2017, Its about time for a round up of last year. This will be the longest post i’ll be doing for a while but I’m hoping to post much more frequently!


I started the year in New York after workshopping The Kid Stays in the Picture with Ben Grant as associate, and Simon Mcburney Directing. We worked with 7 US Actors for a few weeks and it was incredibly fun. At the same time I was stepping in to operate The Encounter on Broadway over New Year, again a lot of hard work but having been part of the show for years previously and now getting a chance to go back in and learn the op again it was very rewarding.


In early January I led my first design transferring to St Ann's Warehouse over the bridge from Manhattan in DUMBO, Brooklyn. An incredble space to work in, with it's own challenges, though the view from the back door has to be a highlight.

The show was Phyllida Lloyd's The Tempest. The third all female Shakespeare piece set in a women's prison. I led a great team at St Ann's and we updated a fair amount of the system compared to the original version in Kings Cross. I also switched from an SD9 to the in-house Yamaha CL3 which took some re-programming but was a fairly smooth transition. After some recommendations I also decided to use Valhalla room through Mainstage as an effects processor and it was great, especially as the cost implications are so minimal. We also went with a pretty much full Meyer speaker system which suited the shows content, the Sound Design isn’t particularly subtle so these provided a good impact for the upfront content to the audience.


In February I came back to the UK and began the rehearsal period for The Kid Stays in the Picture at the Royal Court, the same show we were workshopping at the end of 2016. I loved working at the Royal Court and once again was met by an astonishing team. Ben Grant as Associate. We had a brilliant set of operators Yamina Mezeli and Neil Dewar, alongside David, Maddy and Alice as part of the Theatre team. The show was technically complex for all departments and I had to come up with some interesting ways to react to the show's ever evolving set of needs. It’s a very engaging process to create with Simon and we were constantly reacting and refining throughout.


At the same time Ben and I re-mounted Beware of Pity at the Barbican Theatre, which we had made with Simon the previous year at the Schabuhne theatre in Berlin. It was my first design to be live streamed on youtube outside of The Encounter.
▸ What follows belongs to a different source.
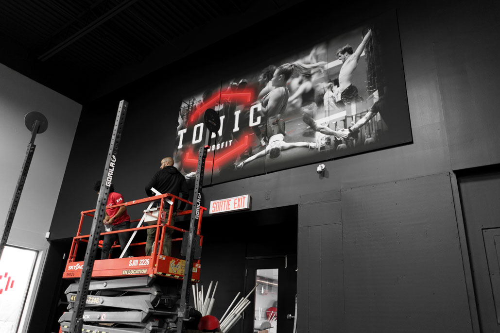 Il y a quelques mois, Photofocus, Xpozer et moi-même nous sommes associés pour un projet ambitieux. Nous voulions créer un très – TRÈS – grand tirage multi-panneaux pour l’un de mes clients, le Tonic CrossFit. Après avoir discuté de différentes possibilités avec le propriétaire Gabriel, nous avons décidé de créer un photomontage qui allait être imprimé sur six panneaux de 40x80po. Ce montage représenterait la communauté du gym tout en rehaussant la nouvelle décoration de la salle.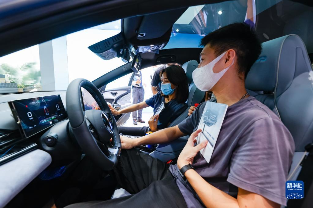 8月26日,在第二十五届成都国际汽车展览会的比亚迪汽车展台,参观者在体验比亚迪海洋网纯电动汽车“海豹”。

They did an excellent job of capturing the audio for the show and I took 3 days of listening and tweaking the final product, heres a link to the Q&A of the Director, Simon Mcburney and Artistic Director of the Schaubuhne Theatre, Thomas Ostermeier.
http://www.complicite.org/live-stream.php


The Kid Stays in the Picture was a highlight of the year and I hope we can go back to the show over the next few years and continue the work we started.


Next up was Twelfth Night at the Manchester Royal Exchange. Directed by Jo Davies, I was yet again surrounded by a lovely team and welcomed into what is a weird, yet interesting theatre to work in and a beautiful building. I had the pleasure of working alongside Alex Baranowski who Composed on this one and it was a delight to work with him as a collaborator but also with his fantastic music. We worked closely with 4 musicians he and Jo bought onto the show to create the sonic world of the show.

A few years ago I started taking piano lessons as a way to develop my skills and having worked with Alex, it pushed me to continue to spend some time on developing those skills outside of the the Sound Design world and it's been refreshing to do so.

Harry Potter and the Cursed Child had it's first cast change in London spring 2017 and leading that change from an audio perspective was an interesting task of maintanance and preservation, whilst keeping in a position where the actors are changing and adding their own take on the piece, reacting to those updates.

Into June and Frogman, following a lot of research and experimenting with 3D video and audio,  I took a 3 week trip with Jack (Artistic Director) and Milla (Designer) from Curious Directive, to Brisbane, Australia. We worked with 4 young actors in a set made especially for our 3d film content. I took on the whole process of audio production on this project which meant planning, recording, processing all of the audio content from the on set filming. Then the theatre part of the project which was about finding the very best way to give an audience the 360 audio experience in a theatre context.

 

Milla was interviewd for a great piece talking about the Design elements of Frogman here

During those three weeks the Tony Awards Ceremony in New York took place, where Gareth Fry and I were awarded a Special Tony Award for our Sound Design work on Complicité's The Encounter. Not only this, but alongside our award The Tony's also announced that Sound Design categories will resume as a regular yearly fixture after they were axed in 2014. A huge moment in the year and a big step in the right direction for the recognition of Sound Design on Broadway!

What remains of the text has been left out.